St Peter’s Square

St. Peter’s Square is a stunning, iconic, large plaza located directly in front of St. Peter’s Basilica in the Vatican City, the papal enclave inside Rome, directly west of the neighbourhood or rione of Borgo. A must see for any visit to Rome.

St. Peter’s Square serves as a gathering place for important events and ceremonies, including papal audiences and various celebrations. It is also the starting point for processions and events that take place within Vatican City. The overall design of the square and its elements contribute to its spiritual significance and the sense of awe experienced by visitors.

Saint Peter’s Square (Latin: Forum Sancti Petri, Italian: Piazza San Pietro [ˈpjattsa sam ˈpjɛːtro]) is a large plaza located directly in front of St. Peter’s Basilica in Vatican City, the papal enclave in Rome, directly west of the neighborhood (rione) of Borgo. Both the square and the basilica are named after Saint Peter, an apostle of Jesus whom Catholics consider to be the first Pope.

At the centre of the square is an ancient Egyptian obelisk, erected at the current site in 1586. Gian Lorenzo Bernini designed the square almost 100 years later, including the massive Doric colonnades, four columns deep, which embrace visitors in “the maternal arms of Mother Church”. A granite fountain constructed by Bernini in 1675 matches another fountain designed by Carlo Maderno in 1613.

Fresco of St. Peter’s Square, c. 1587, before the dome of the new St. Peter’s Basilica or the façade had been built
The open space which lies before the basilica was redesigned by Gian Lorenzo Bernini from 1656 to 1667, under the direction of Pope Alexander VII, as an appropriate forecourt, designed “so that the greatest number of people could see the Pope give his blessing, either from the middle of the façade of the church or from a window in the Vatican Palace”. Bernini had been working on the interior of St. Peter’s for decades; now he gave order to the space with his renowned colonnades, using a simplified Doric order,[5][6] to avoid competing with the palace-like façade by Carlo Maderno, but he employed it on an unprecedented colossal scale to suit the space and evoke a sense of awe.

There were many constraints from existing structures (illustration, right). The massed accretions of the Vatican Palace crowded the space to the right of the basilica’s façade; the structures needed to be masked without obscuring the papal apartments. The obelisk marked a centre, and a granite fountain by Maderno stood to one side: Bernini made the fountain appear to be one of the foci of the ovato tondo[8] embraced by his colonnades and eventually matched it on the other side, in 1675, just five years before his death.
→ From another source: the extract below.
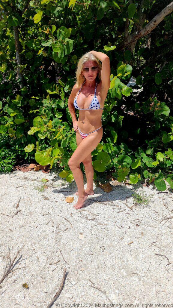 So this patriotic bikini was a gift from a special follower, & I decided to do some photo shoots for America’s birthday wearing the sexiest bikinis on the planet! He was specific about the top and bottoms, so I had to mix and match the stars top with the stripes bottom. The top & bottoms are a size small, & being busty, there is not much room for the top to move before I have a nip-slip!
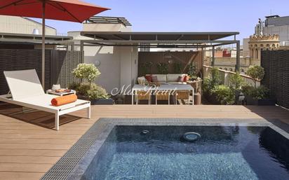 Este impresionante ático dúplex de lujo en la Dreta de l’Eixample, una de las zonas más exclusivas de Barcelona. La propiedad tiene 221 m² construidos y combina la belleza clásica de la arquitectura barcelonesa con un diseño moderno y elegante. Lo que más nos encanta es su terraza privada de 100 m², que se puede acceder directamente desde el interior. En ella, se encuentra una cocina de verano, un espacio chill-out y una piscina, perfecta para relajarse o recibir amigos en un entorno muy especial. La distribución es muy cuidada: cuenta con tres dormitorios dobles en suite, todos exteriores y con armarios empotrados. La suite principal tiene un vestidor, bañera exenta, ducha y balcón, lo que aporta mucha luz y amplitud. La zona de día es muy luminosa, con un amplio salón-comedor y una cocina abierta, además de seis balcones que dejan entrar mucha luz natural y aire fresco. También tiene un espacio abierto para estudiar o trabajar, con acceso a la terraza superior por una escalera de diseño, que ofrece vistas panorámicas increíbles. Los acabados son de lujo: suelos de madera en espiga, marcos de cerámica artesanal, armarios integrados con paneles decorativos y un sistema de iluminación inteligente que realza cada rincón. La ubicación es simplemente perfecta: en la prestigiosa Dreta de l’Eixample, a pocos pasos del Passeig de Gràcia, rodeado de boutiques de lujo, restaurantes de alta gastronomía y servicios exclusivos. Es un lugar que combina la historia y el carácter de Barcelona con un estilo de vida sofisticado y vibrante. Este ático dúplex representa una oportunidad única para vivir en una de las zonas más emblemáticas de la ciudad, disfrutando de un espacio que une historia, diseño y lujo en un entorno privilegiado.

The trapezoidal shape of the piazza, which creates a heightened perspective for a visitor leaving the basilica and has been praised as a masterstroke of Baroque theater (illustration, below right), is largely a product of site constraints.

According to the Lateran Treaty the area of St. Peter’s Square is subject to the authority of Italian police for crowd control even though it is a part of the Vatican state.

t. Peter’s Square (Piazza San Pietro) is a large plaza located in Vatican City, an independent city-state enclaved within Rome, Italy. It is named after St. Peter, one of the twelve apostles of Jesus and considered the first pope by the Catholic Church. The square is a prominent pilgrimage site and a popular tourist destination due to its association with St. Peter’s Basilica and the Vatican.

Key features of St. Peter’s Square:

  1. Obelisk: At the center of the square stands an ancient Egyptian obelisk, which was moved to its current location in 1586 by Pope Sixtus V.
  2. Colonnades: The square is surrounded by a pair of colonnades designed by Gian Lorenzo Bernini. These colonnades form a semi-circular embrace, symbolizing the arms of the Catholic Church reaching out to welcome pilgrims.
  3. Statues: The colonnades are adorned with statues of various saints, including St. Peter and St. Paul.
  4. Fountains: Two fountains, designed by Carlo Maderno and Gian Lorenzo Bernini, are located on either side of the square. They contribute to the overall aesthetic and provide a sense of grandeur.
  5. Pavement Design: The pavement of the square features a distinctive pattern created by architect Gian Lorenzo Bernini, incorporating elements like stars and lines that serve both aesthetic and symbolic purposes.
  6. Statue of St. Peter: In the center of the square, there is a bronze statue of St. Peter seated in a chair, traditionally associated with the apostle. Pilgrims often touch or kiss the foot of the statue for blessings.